Visualize the rate at which recommendations are applied. Identify patterns in adoption across teams, periods, and job types.
Analyze trends in cost savings over time. Detect spikes, regressions, and opportunities for further optimization.
View actual cost savings achieved by applying recommended fixes. Compare realized savings with untapped opportunities.
Identify jobs with the highest potential for cost and performance improvements. Use this information to prioritize optimization efforts.
Discover workspaces with the most significant opportunities for improvement. Focus optimization initiatives on high-impact areas.

Architecture

The HealthCheck agent includes two main components:

Data Collection Scripts: Deployed in the customer’s Databricks environment, these scripts extract metadata from audit logs, cost export files, and system APIs. They do not access job logs, query data, or user code.
Unravel Insights Engine: After collection, the data is processed by Unravel’s analysis engine. It generates insights based on usage patterns, configurations, performance history, and cost trends and displays them in a centralized, interactive dashboard.

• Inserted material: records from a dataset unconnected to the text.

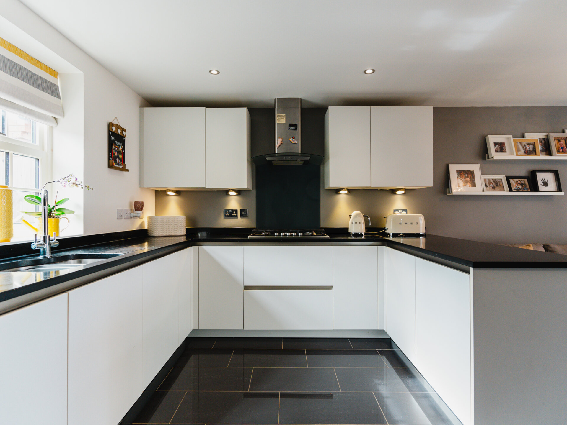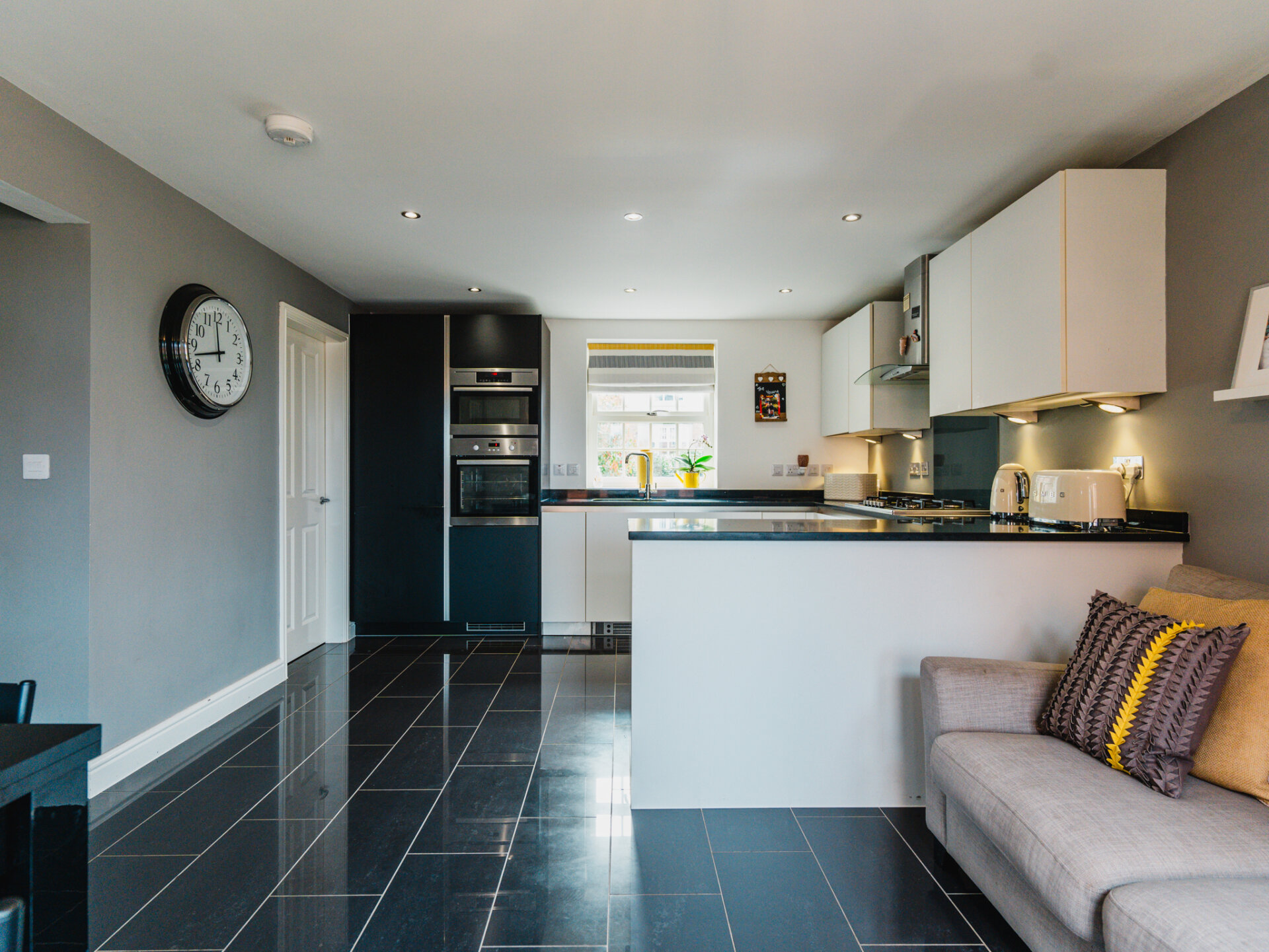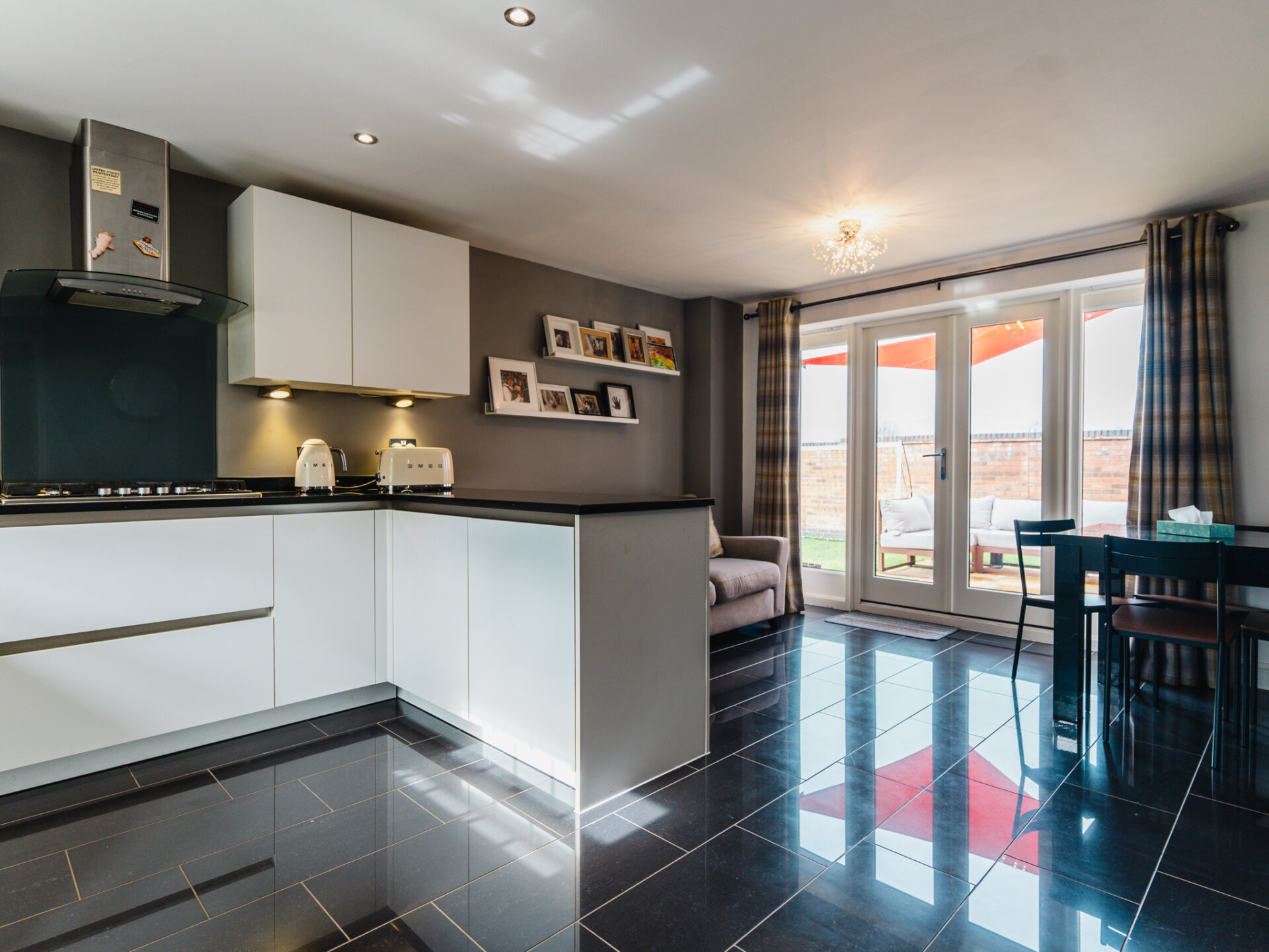 Tucked away at the rear of the home, the kitchen dining room is a culinary enthusiast's dream come true. Immaculately designed, the kitchen boasts elegant, fitted units in contemporary white, perfectly complemented by striking black quartz worktops and tiled floors. Fitted appliances ensure functionality and convenience, while the dining area, bathed in natural light pouring in through French doors leading to the rear garden, provides a delightful space for family meals and entertaining. With ample room for a six-seat dining table, this area serves as the perfect hub for everyday living and social gatherings alike.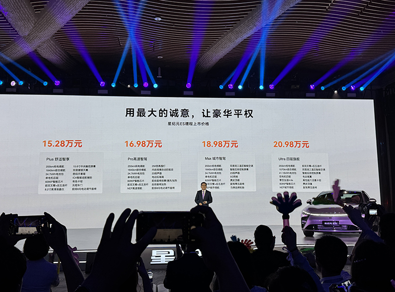 此次星紀(jì)元ES增程共推出四個(gè)版本,分別是Plus舒適智享15.28萬(wàn)元、Pro高速智駕16.98萬(wàn)元、Max城市智駕18.98萬(wàn)元、Ultra四驅(qū)旗艦20.98萬(wàn)元。上市期間下定并鎖單的用戶(hù)可享受七大權(quán)益,包含至高價(jià)值53000元的四大權(quán)益,分別為價(jià)值30000元NEP全場(chǎng)景智駕功能終身免費(fèi)使用的智駕禮(限Max城市智駕和Ultra四驅(qū)旗艦)、價(jià)值10000元的3年0息金融方案的金融禮、價(jià)值10000元免費(fèi)升級(jí)超享豪華包(限Pro高速智駕)的升級(jí)禮、價(jià)值3000元限時(shí)2000元升級(jí)價(jià)值5000元晨曦紅和極光紫個(gè)性外觀色的炫彩禮,還有質(zhì)保禮、流量禮、救援禮三大權(quán)益,將用戶(hù)權(quán)益最大化。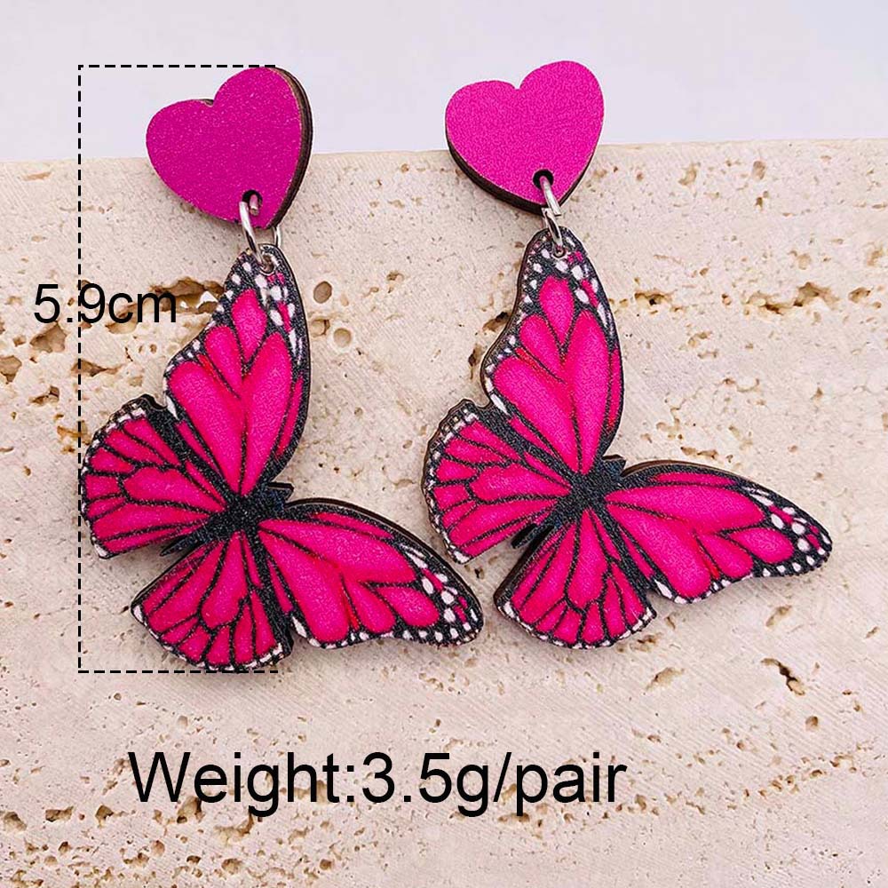 Add a vibrant touch to your style with these colorful butterfly wood earrings. Featuring geometric wing pendants, they blend natural wood texture with playful design for a unique accessory. Perfect for women who want to express their individuality, these lightweight earrings bring a charming, artistic flair to any outfit while remaining comfortable to wear all day. The heart-shaped studs add a delicate detail, making them a great choice for casual or special occasions. Elevate your jewelry collection with this standout pair that celebrates beauty and creativity.

Databricks Healthcheck App: End-to-End Use Case Example

Persona

Priya, a Cloud Data Platform Lead at a large retail company, is responsible for ensuring her organization’s Databricks environment is cost-efficient, well-governed, and high-performing. She collaborates with FinOps, engineering, and data governance teams.

User Story

As a Cloud Data Platform Lead, I want to use the Databricks Healthcheck App to monitor, optimize, and report on Databricks usage and costs across my organization, so that I can drive accountability, maximize savings, and ensure efficient resource utilization.

Workflow Across Tabs

Chargeback

Priya starts her monthly review by opening the Chargeback tab. She filters by the last 30 days and selects all business units. The summary metrics show total Databricks spend, instantly realizable savings, and projected savings. She notices that the “CRR-8” business unit is the top spender and has significant untapped savings. The usage charts reveal a spike in DBU usage last week, which she correlates with a major marketing campaign.

Priya exports the BU-level cost and savings data to share with finance, ensuring each business unit is accountable for its Databricks consumption.

Cost

Next, Priya examines the Cost tab to see which compute types are driving expenses. She finds that Interactive Clusters account for over 99% of costs, with several hundred dollars in untapped savings. The daily DBU usage chart shows a pattern of heavy weekday usage and idle weekends.

She flags Interactive Clusters for further investigation and shares insights with the DevOps team to prioritize optimization efforts.

Accountability

Priya uses the Accountability tab to drill down into user and workspace efficiency. She identifies several users with “Poor” ratings who are responsible for high-cost jobs. The scatter plot highlights a few users with high costs but low efficiency.

She schedules a meeting with these users to review their job patterns and provides targeted training on best practices.

Config Insights

Switching to the Config Insights tab, Priya filters for jobs with the highest untapped savings and “Auto-Fix = Yes.” She finds several jobs with over-provisioned clusters and idle resources.

She applies auto-fix recommendations to rightsize clusters and eliminate unnecessary features, immediately realizing cost savings.

Code Insights

Priya reviews the Code Insights tab to identify inefficient notebook cells. She spots a notebook with a cell causing significant CPU spikes due to a poorly optimized join. The app provides a code snippet and highlights the root cause.

She assigns the notebook to an engineer for refactoring and tracks the improvement in subsequent runs.

Data Insights

In the Data Insights tab, Priya identifies several large tables that haven’t been accessed in over 90 days. These cold tables are consuming expensive storage.

She coordinates with data owners to archive or delete obsolete tables, reducing storage costs and improving data hygiene.

Realized Value

Finally, Priya reviews the Realized Value tab to measure the impact of her team’s optimization efforts. She sees a clear trend of increasing realized savings month-over-month, with a growing number of jobs benefiting from auto-fix.

She generates a report for executive stakeholders, highlighting the financial impact and continuous improvement in Databricks cost efficiency.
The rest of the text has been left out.